Work request
Every line below should come back exactly as written, though the pictures stay out.

Collected material
>>>

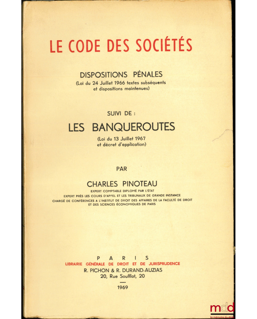LE CODE DES SOCIÉTÉS, DISPOSITIONS PÉNALES (Loi du 24 juillet 1966 textes subséquents et dispositions maintenues) suivi de : LES BANQUEROUTES (Loi du 13 juillet 1967 et décret d’application)
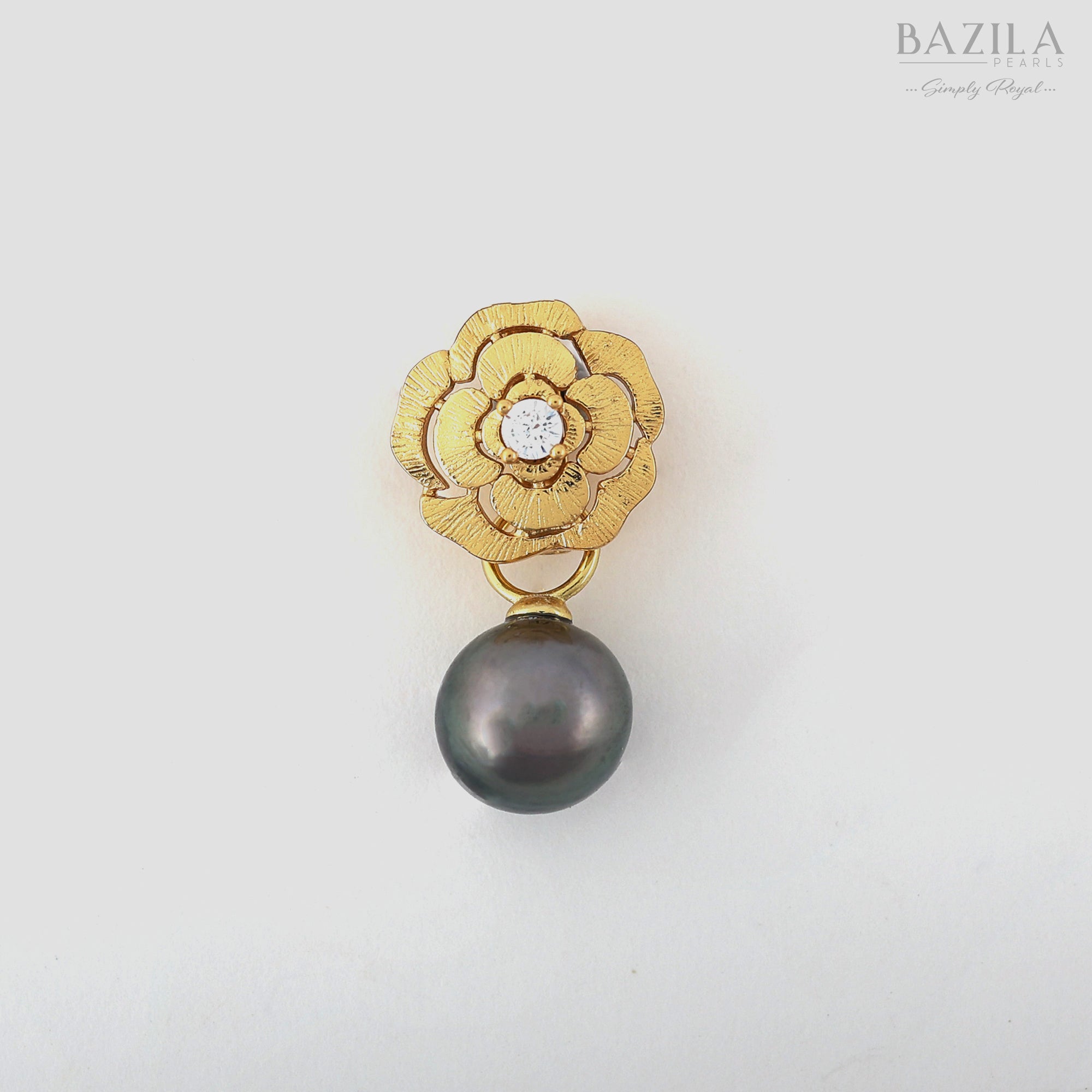Tahitian Pearl Drop Pendant in Silver with Blossom Accent
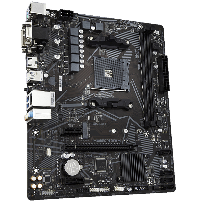 Материнская плата Gigabyte - A520M S2H, mATX, AMD A520, 1xAM4, 2xDDR4 до 64ГБ, 1x1GbE, audio, M.2, VGA, HDMI, DVI-D, 1xPS/2, 4xSATA, 2xUSB2.0, 4xUSB3.2, A520M S2H

<<<

Exercise answer
LE CODE DES SOCIÉTÉS, DISPOSITIONS PÉNALES (Loi du 24 juillet 1966 textes subséquents et dispositions maintenues) suivi de : LES BANQUEROUTES (Loi du 13 juillet 1967 et décret d’application)
Tahitian Pearl Drop Pendant in Silver with Blossom Accent
 Материнская плата Gigabyte - A520M S2H, mATX, AMD A520, 1xAM4, 2xDDR4 до 64ГБ, 1x1GbE, audio, M.2, VGA, HDMI, DVI-D, 1xPS/2, 4xSATA, 2xUSB2.0, 4xUSB3.2, A520M S2H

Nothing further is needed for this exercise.